About the Book
Dan Leno, the great music hall comedian, was known in his lifetime as ‘the funniest man on earth’. So how could he have been involved in one of the most curious episodes in London’s history when, in a short period during the autumn of 1880, a series of murders was attributed to the mysterious ‘Limehouse Golem’?
In Peter Ackroyd’s novel the world of late-Victorian music hall and pantomime becomes implicated in a number of sinister scenes and episodes, and the connection between the light and dark sides of nineteenth-century London begins to attract contemporary figures as George Gissing and Karl Marx. But there are also less well-known characters who play a significant role in the narrative. What, for example, is the secret of Elizabeth Cree, about to hang for the murder of her husband?
My Review
I first started to read this book about twenty years ago when it was originally published as Dan Leno and The Limehouse Golem. Then I didn’t really care for it, but over the years the books I choose to read are a lot darker and when the publisher asked if I would like to review I decided to try again. I am happy to say, that this time round I liked the novel much more. So much so that after finishing it yesterday morning, I then went to the cinema to watch the film adaptation. And now I want to reread the book. It’s safe to say I’m a fan!

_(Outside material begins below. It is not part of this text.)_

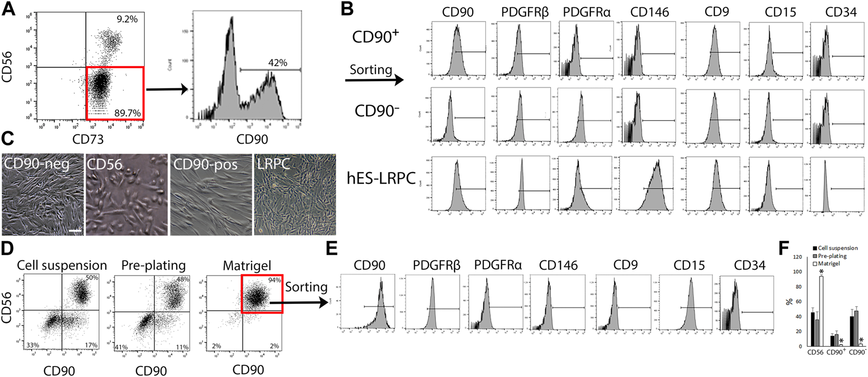 Identification and isolation of primary cell subsets from human muscles. (A) Representative flow cytometry analyses of CD73, CD56 and CD90 expression by primary human muscle cells cultured in EGM-2 medium at passage 0 (n = 8 donors). (B) Representative flow cytometry analysis of expression of characteristic cell surface markers: CD90, PDGFR-β, and CD146 (perivascular cells); CD9 (adipogenic progenitors), CD15 (myoblasts) and CD34 (endothelial, hematopoietic progenitors and adventitial cells) by either expanded human muscle cell sorted subsets (CD90+ and CD90−) or lineage restricted, perivascular-like cells (LRPC) that were derived from hES. Cells were analyzed between passages 1 and 5. (C) Representative images of cultured human muscle subsets and hES-LRPC. (D) Representative dot plots of tested conditions for human muscle myoblast enrichment and sorting strategy of myoblasts based on the expression of CD56 and CD90. Nearly all muscle cells were myoblasts when expanded in Matrigel coated dishes and EGM-2 medium at passage 0 (right panel). (E) Flow cytometry analysis of co-expression of perivascular markers, CD90, PDGFRβ and CD146 as well as the myoblast marker CD15 by sorted CD56+CD90+ human muscle-derived myoblasts between passages 1–3. (F) Frequency of CD56+, CD90+ and CD90− subsets, harvested from uncoated culture dishes (cell suspension and pre-plating) or Matrigel coated dishes between passages 0 and 1. Data are mean ± SD, n = at least 3 donors per cell subset. Data analyzed via one-way ANOVA. *p < 0.001 between frequency of cell subset that was cultured on Matrigel, and the matched cell subset in cell suspension and pre-plating culture conditions. Scale bar represents 100 μm.

It is incredibly dark. London isn’t romanticised in anyway. You see the poverty, the prostitution, the death and disease. I could taste the fog, the description of ‘miner’s phlegm’ was a strong indication of how damaging it must have been to health. We’ve probably all seen photographs of Victorian London shrouded in mist but I’ve never thought what it must be like to live in.
There are plenty of violent scenes combined with the scenes from the theatre, both of which are present throughout the entire novel. You see the story from a few points of view which gets a little confusing and it was only in the last quarter that I started to see what was happening.
It’s not a book that has many likeable characters, some are factual some fictional and the only moralistic person was Karl Marx who was saddened by a friend’s death. Everybody else was unfeeling and self-obsessed.
After rereading this novel for the second time I will be interested in reading more by Peter Ackroyd.
With thanks to the publisher for the copy received.